- Other names: Fungal external otitis
- Specialty: Infectious diseases
- Symptoms: Varies widely, only itching in early cases, hearing impairment if the fungal debris blocks the ear canal, severe pressure type pain in advanced cases
- Complications: Perforation of the tympanic membrane, rarely invasion of the middle ear

= Otomycosis =

Otomycosis is a fungal ear infection, a superficial mycotic infection of the outer ear canal caused by fungi. It is more common in tropical or warm countries. The infection may be either subacute or acute and is characterized by itching in the ear, malodorous discharge, inflammation, pruritus, scaling, and severe discomfort or ear pain. The mycosis results in inflammation, superficial epithelial exfoliation, masses of debris containing hyphae, suppuration, and pain. Otomycosis can also cause hearing loss.

==Signs and symptoms==
Otomycosis does not usually cause as much canal skin edema as does acute bacterial external otitis. While a severe pressure type of pain is a prominent feature of advanced cases, the ear is usually much less tender, if at all, to traction or tragal pressure. Appearance of the fungus is variable, most commonly gray, white, or black, often intermixed with cerumen and clinging to the canal skin. Gray concretions may be present.

==Cause==
Most fungal ear infections are caused by Aspergillus niger, Aspergillus fumigatus, Penicillium and Candida albicans. Otomycosis commonly worsens from overuse of antibacterial ear drops, which should never be used for more than 7 days. In such cases the fungus is an opportunist that results from antibacterial suppression of the normal bacterial flora, combined with the steroid the drops also contain.

== Diagnosis ==
Otoscopy (exam of the ear) is best done with a binocular microscope that provides adequate lighting, depth perception, and the ability to instrument the ear to comfortably remove the fungus. Findings range from scattered saprophytic fungal colonies of various colors, causing no symptoms, to densely packed fungal debris, often intermixed with cerumen (wax), filling the entire canal and involving the tympanic membrane (eardrum).
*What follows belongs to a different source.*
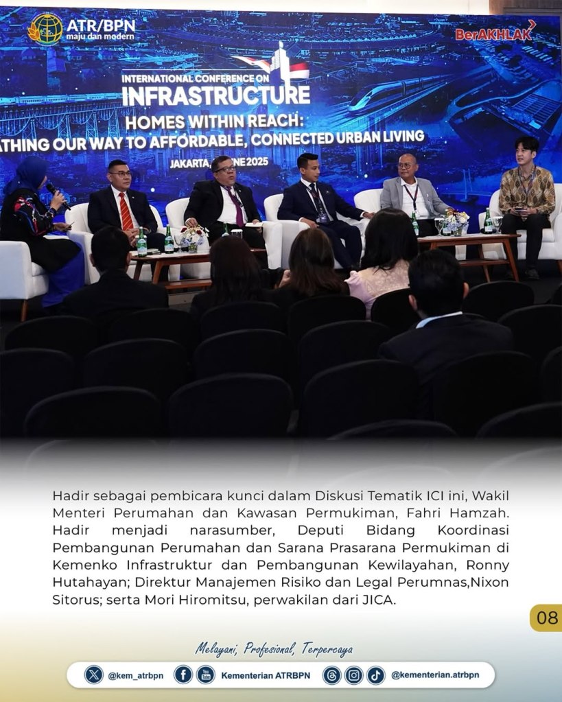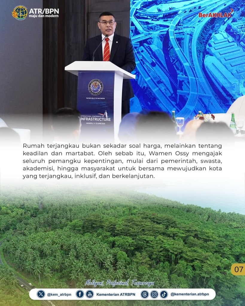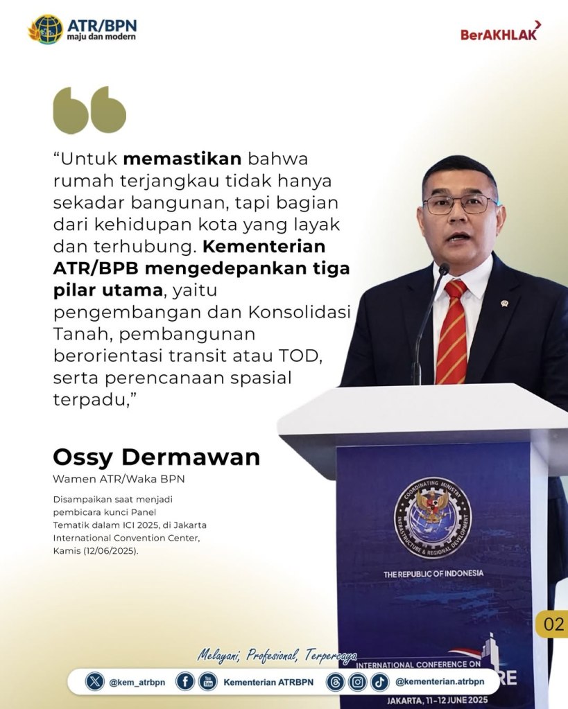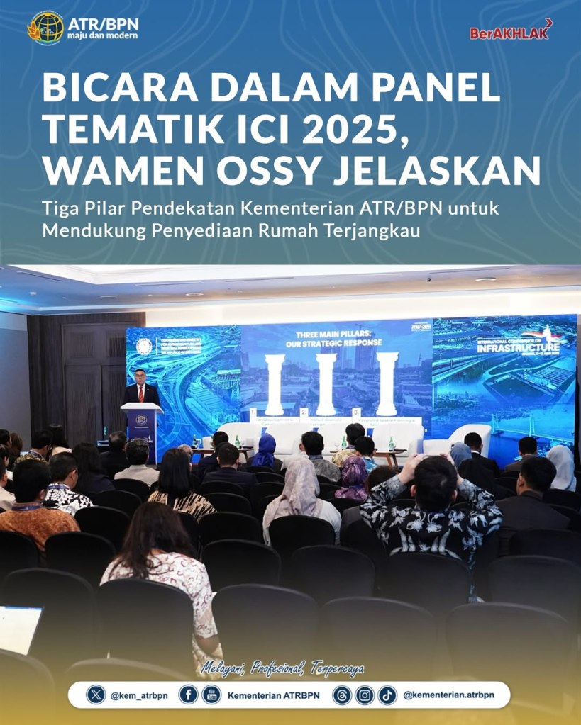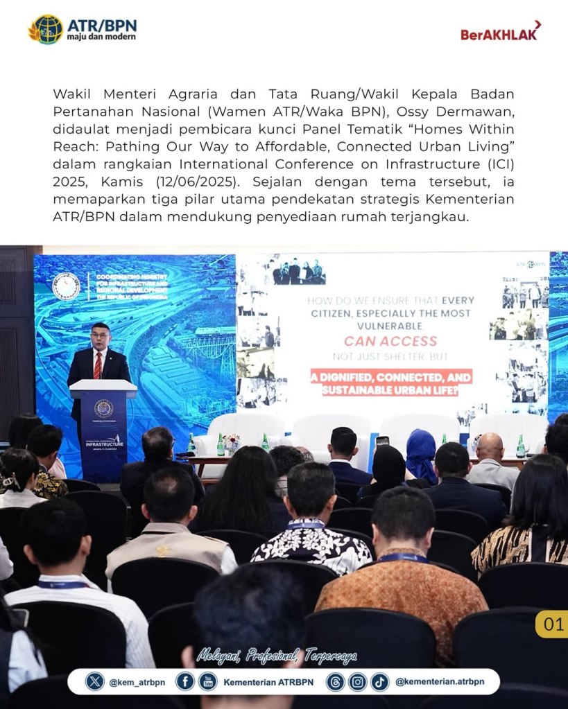 Wakil Menteri Agraria dan Tata Ruang/Wakil Kepala Badan Pertanahan Nasional (Wamen ATR/Waka BPN), Ossy Dermawan, didaulat menjadi pembicara kunci Panel Tematik “Homes Within Reach: Pathing Our Way to Affordable, Connected Urban Living” dalam rangkaian International Conference on Infrastructure (ICI) 2025, Kamis (12/06/2025). Sejalan dengan tema tersebut, ia memaparkan tiga pilar utama pendekatan strategis Kementerian ATR/BPN dalam mendukung penyediaan rumah terjangkau.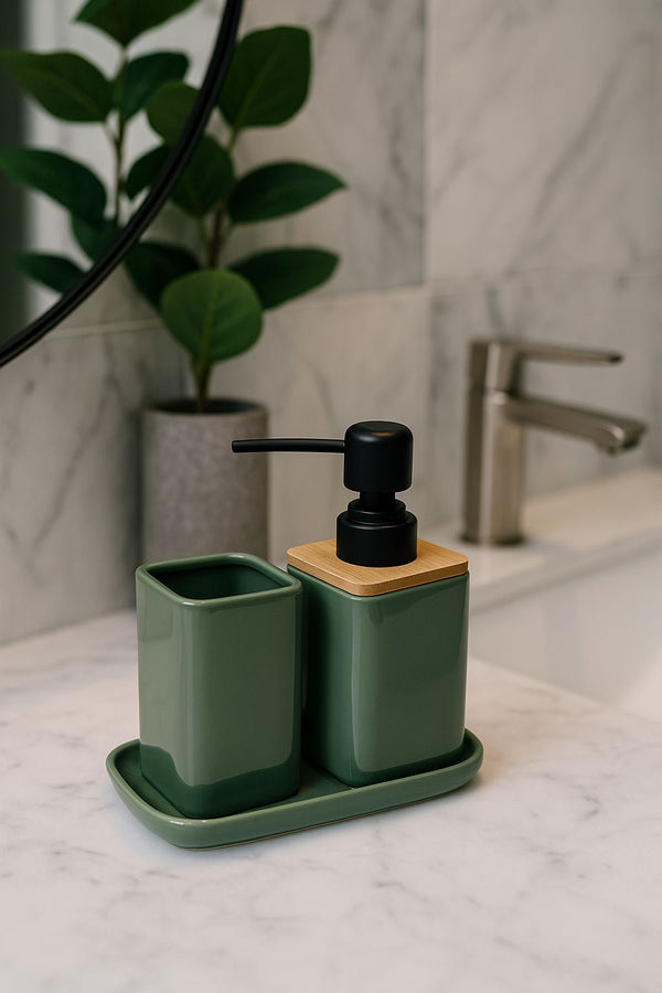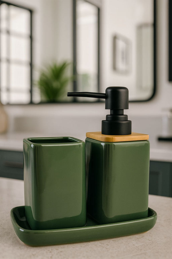 O Conjunto Verona Verde é a união perfeita entre funcionalidade e sofisticação para o seu ambiente. Produzido em cerâmica de alta qualidade, com acabamento esmaltado em tom verde elegante, traz um toque natural e moderno com o detalhe em bambu na tampa do dispenser e o acionador em plástico ABS preto fosco. Ideal para organizar o banheiro com estilo, o conjunto inclui um porta-escova e um dispenser para sabonete líquido, ambos dispostos sobre uma base coordenada que garante praticidade e charme na sua rotina diária.

The fungus can cling to the skin and tympanic membrane, presumably because of invading hyphae, and can require significant time to accomplish complete removal.

== Treatment ==
Treatment of otomycosis typically includes microscopic suction to remove fungal mass, topical antibiotics to be discontinued, and treatment with antifungal eardrops for three weeks. The antifungal medications can be administered in the form of creams or drops applied to the ears and the most commonly used medications are azoles, a heterocyclic class of antifungal agents. Evidence in the form of high quality clinical trials on treatment methods is very weak and it is not known how effective these treatments are at improving the infection, having adverse effects (serious or not serious) when comparing different medications prescribed.

If neglected and not treated on time, the infection can cause perforation of eardrum. The only resort in such a situation can be major ear surgery, as hearing loss can be permanent.